___ DATA SUPPLIED ___
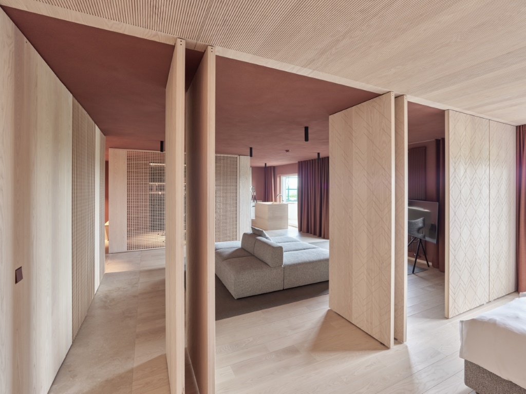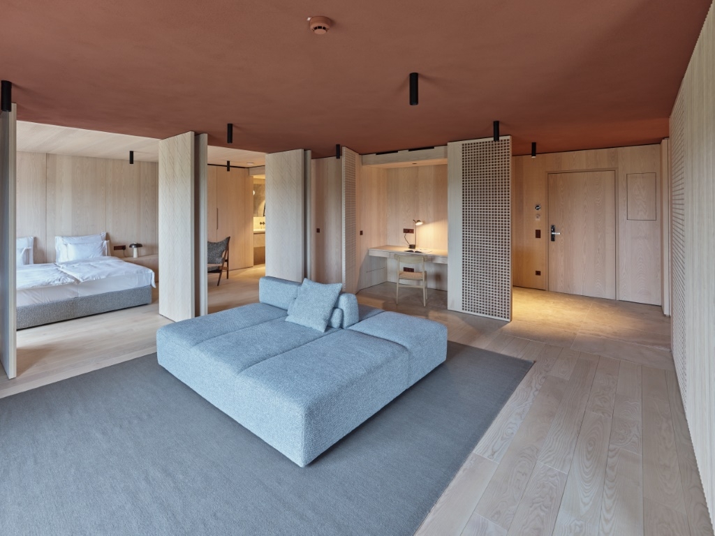 The new suites are made from sustainably harvested solid wood from nearby regions, clay plaster and natural stone. They emerged by joining smaller rooms together to create functional and spacy suites for a flexible use. Various movable partitions and variable elements enable to fit the room to guests´ actual needs such as a tub in the living room, a retractable workspace, a sofa to fall asleep on (by BEHF and Wittmann) or a hidden kitchenette.
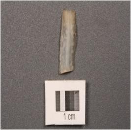 | Description / विवरण | Chalcedony parallel sided blade with a single mid ridge, used wear mark on cutting edges. |
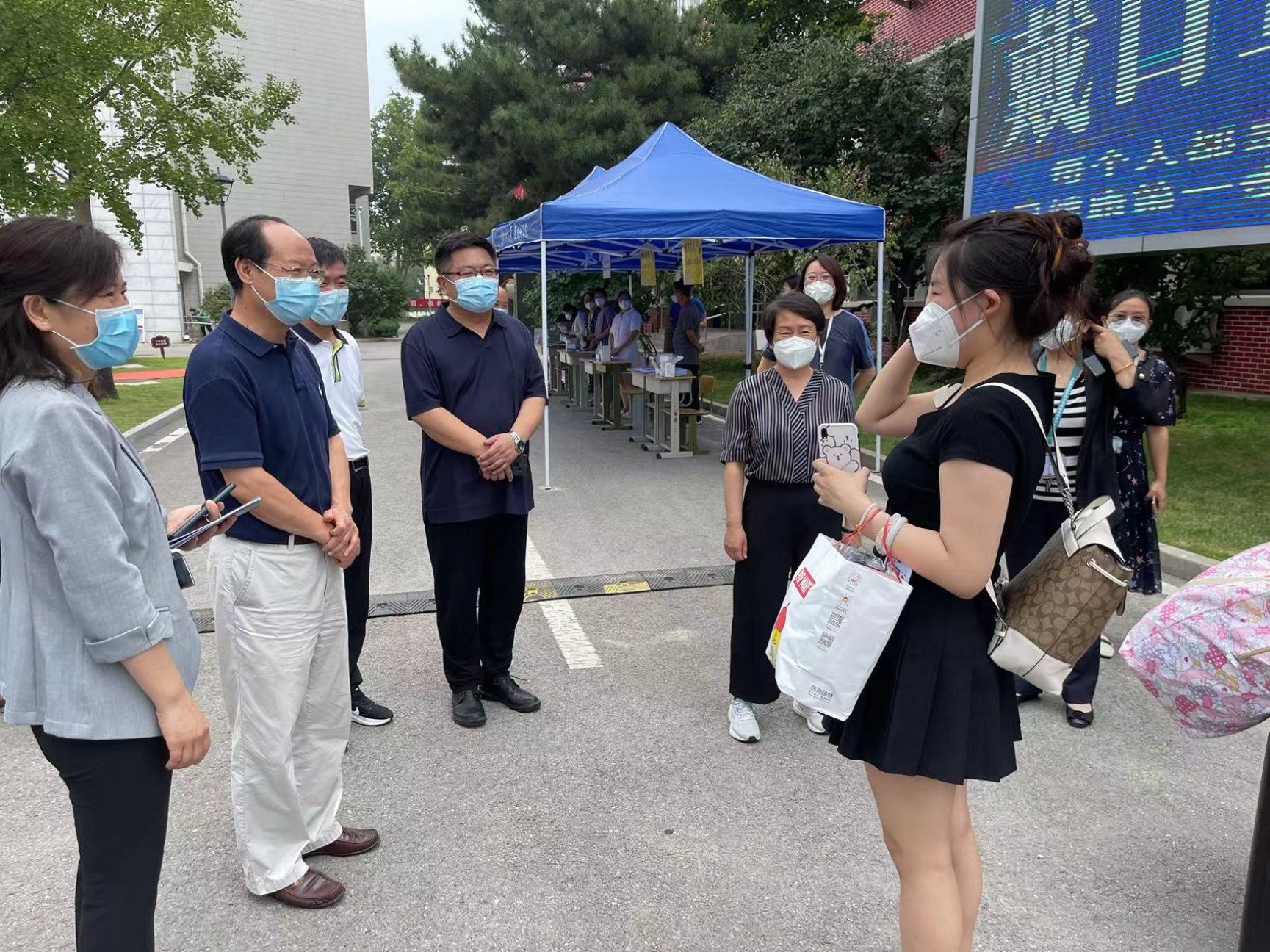 呼文亮书记与返校学生亲切交谈,叮嘱大家返校后要严格执行疫情防控规定,做好健康防护。
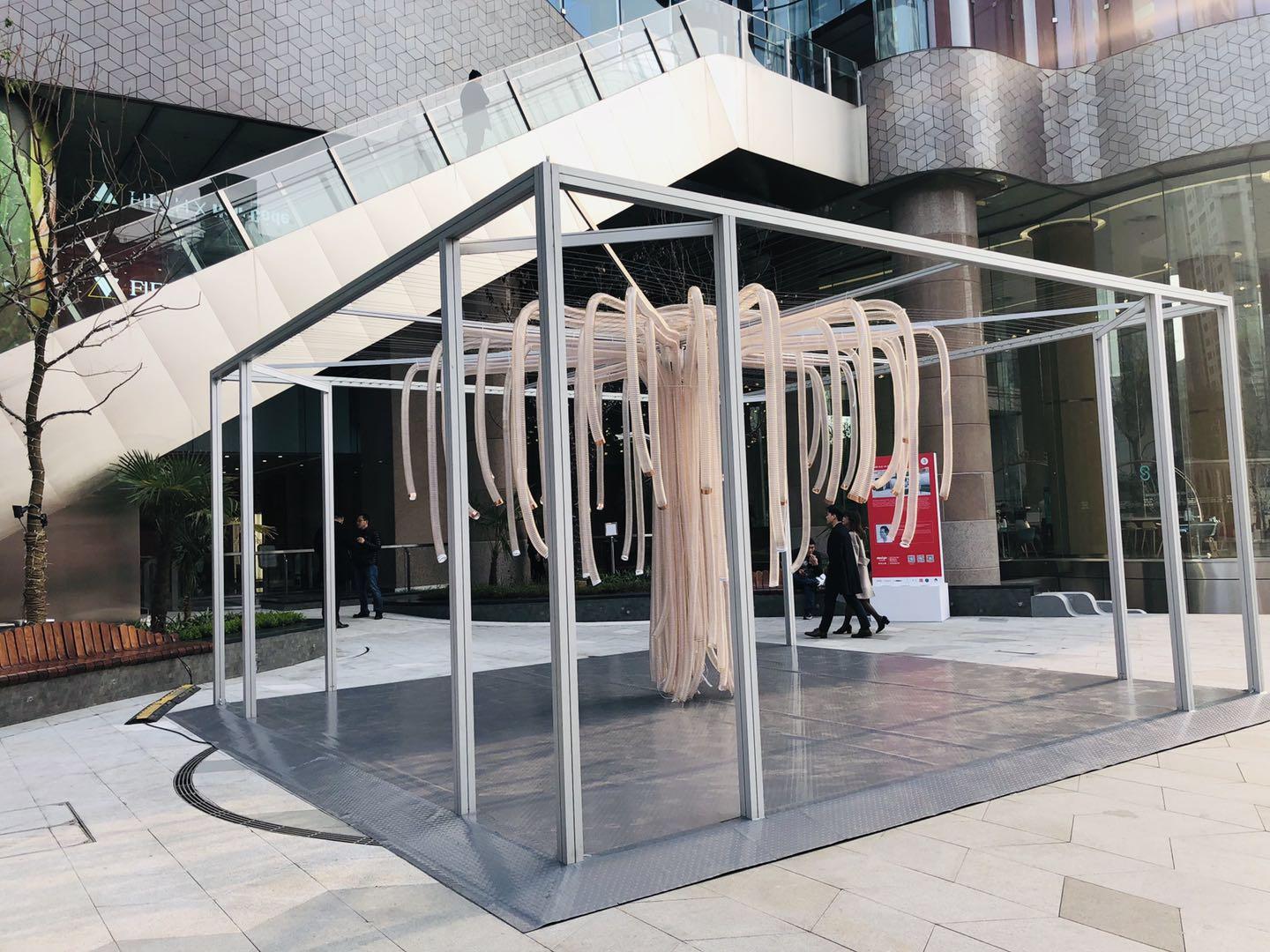 小编看到的第一个装置就是新天地广场这颗“树”,这个像柳树一样的装置由透明管道组成,灵感来自于小时候玩的传声筒游戏,人们可以在“树枝”的一端将秘密倾述给另一端的朋友。
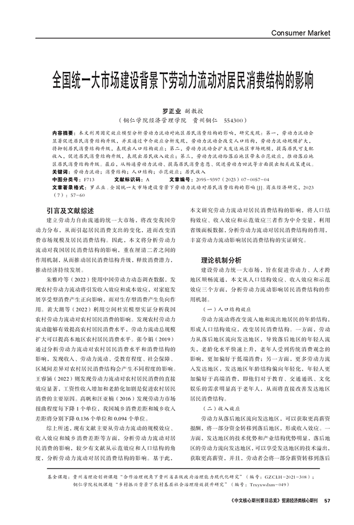 近日,beat365官网副教授、博士罗正业独著的论文《全国统一大市场建设背景下劳动力流动对居民消费结构的影响》在《商业经济研究》发表。该论文是罗正业主持的贵州省理论创新课题“合作治理视角下贵州省县级政府治理能力现代化研究”(GZCLH-2021-308)和beat365中国唯一官网校级课题“乡村振兴背景下农村基层社会治理绩效提升研究”(Trxyxwdxm-049)的阶段性成果。
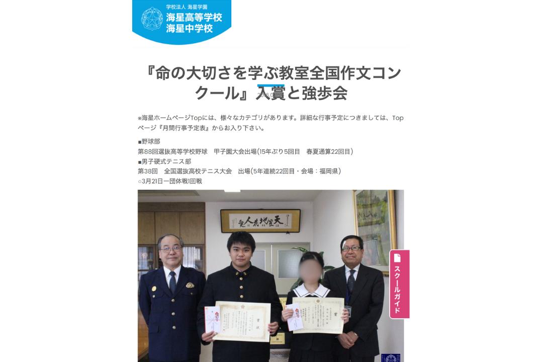 海星学園のホームページで受賞を讃えられる井村大和さん(左から2人目、画像の一部を加工しています)
___
ABOUT THIS EXERCISE | Begin at the line containing "近日,beat365官网副教" and copy every line through the end of the data above exactly, omitting the pictures.

ANSWER FOR THE TASK |
 近日,beat365官网副教授、博士罗正业独著的论文《全国统一大市场建设背景下劳动力流动对居民消费结构的影响》在《商业经济研究》发表。该论文是罗正业主持的贵州省理论创新课题“合作治理视角下贵州省县级政府治理能力现代化研究”(GZCLH-2021-308)和beat365中国唯一官网校级课题“乡村振兴背景下农村基层社会治理绩效提升研究”(Trxyxwdxm-049)的阶段性成果。
 海星学園のホームページで受賞を讃えられる井村大和さん(左から2人目、画像の一部を加工しています)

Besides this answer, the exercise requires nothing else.